At ThredUp‘s 600,000-square-foot warehouse in Suwanee, Georgia, roughly 40,000 pieces of used clothing are processed each day. The company’s logistics network — four facilities across the U.S. — now rivals that of some fast-fashion giants.

“This is the largest garment-on-hanger system in the world,” said Justin Pina, ThredUp’s senior director of operations. “We can hold more than 3.5 million items here.”

Secondhand shopping is booming. The global secondhand apparel market is expected to reach $367 billion by 2029, growing almost three times faster than the overall apparel market, according to GlobalData.

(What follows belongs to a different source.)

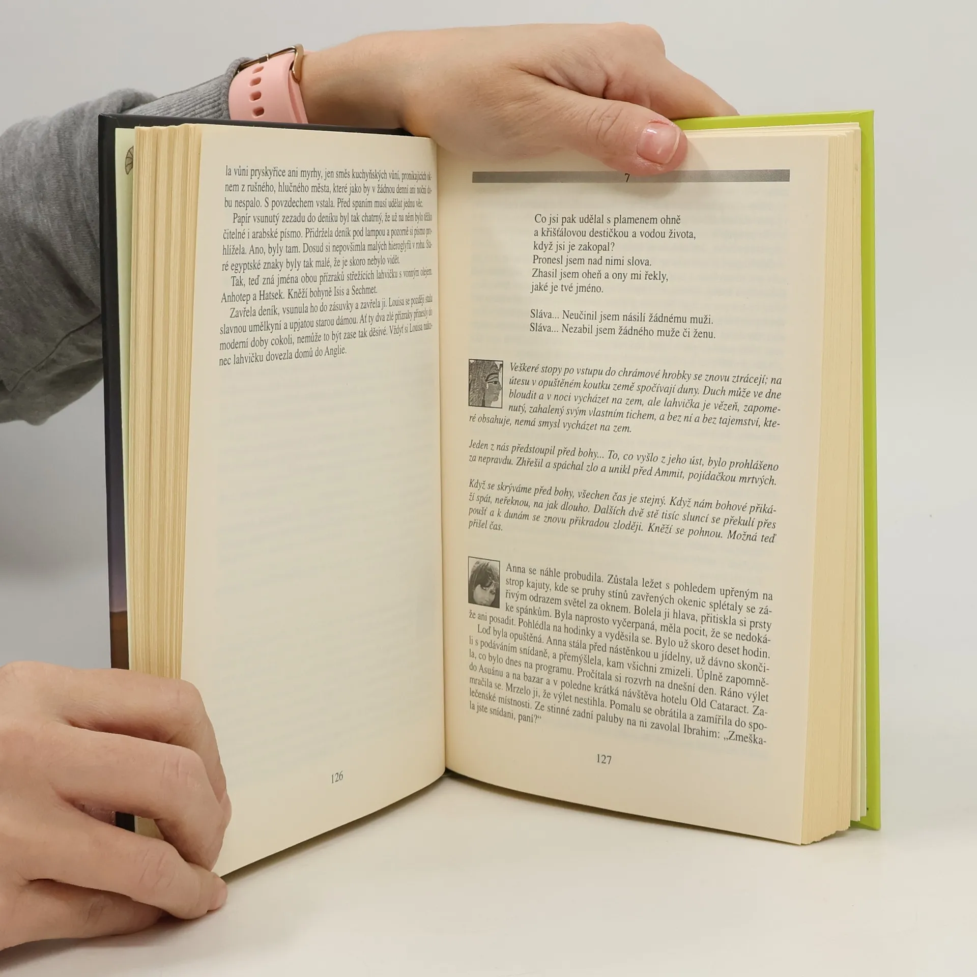 Napínavý děj má tentokrát dokonce tři časové roviny: staroegyptskou, viktoriánskou a soudobou. Současná hrdinka Anna, hledající po rozvodu novou životní náplň i novou lásku, cestuje do Egypta s praprababiččniným deníkem, díky němuž ožívá romantický příběh z 19. století. Elixír tajuplných zápletek a dojemné milostné tematiky je pro čtenáře.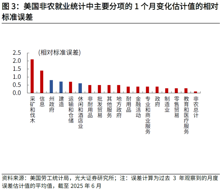 此外,从结构看,6月被下修较多的主要是政府就业(被下修6.2万人,其中州政府被下修3.7万人)、休闲和酒店业就业(被下修1.6万人)、建造业就业(被下修1.2万人),三者合计下修9万人,占6月非农数据下修值近7成。从历史预测误差看,上述行业就业估计值的相对标准误差也较高,容易出现较大波动。

President Donald Trump’s tariffs were billed as a way to bring manufacturing back home. But the measures hit one of America’s most import-dependent industries: fashion.

About 97 percent of clothing sold in the U.S. is imported, mostly from China, Vietnam, Bangladesh and India, according to the American Apparel and Footwear Association.

For years, Gen Z shoppers have been driving the rise of secondhand fashion, but now more Americans are catching on.

“When tariffs raise those costs, resale platforms suddenly look like the smart buy. This isn’t just a fad,” said Jasmine Enberg, co-CEO of Scalable. “Tariffs are accelerating trends that were already reshaping the way Americans shop.”

For James Reinhart, ThredUp’s CEO, the company is already seeing it play out.

“The business is free-cash-flow positive and growing double digits,” said Reinhart. “We feel really good about the economics, gross margins near 80% and operations built entirely within the U.S.”

ThredUp reported that revenue grew 34% year over year in the third quarter. The company also said it acquired more new customers in the quarter than at any other time in its history, with new buyer growth up 54% from the same period last year.

“If tariffs add 20% to 30% to retail prices, that’s a huge advantage for resale,” said Dylan Carden, research analyst at William Blair & Company. “Pre-owned items aren’t subject to those duties, so demand naturally shifts.”

Inside the ThredUp warehouse, where CNBC got a behind-the-scenes look. automation hums alongside human workers. AI systems photograph, categorize, and price thousands of garments per hour. For Reinhart, the technology is key to scaling resale like retail.

“AI has really accelerated adoption,” said Reinhart. “It’s helping us improve discovery, styling, and personalization for buyers.”

That tech wave extends beyond ThredUp. Fashion-tech startups Phia, co-founded by Phoebe Gates and Sophia Kianni, is using AI to scan thousands of listings across retail and resale in seconds.

“The fact that we’ve driven millions in transaction volume shows how big this need is,” Gates said. “People want smarter, cheaper ways to shop.”

ThredUp is betting that domestic infrastructure, automation, and AI will keep it ahead of the curve, and that tariffs meant to revive U.S. manufacturing could end up powering a new kind of American fashion economy.

“The future of fashion will be more sustainable than it is today,” said Reinhart. “And secondhand will be at the center of it.”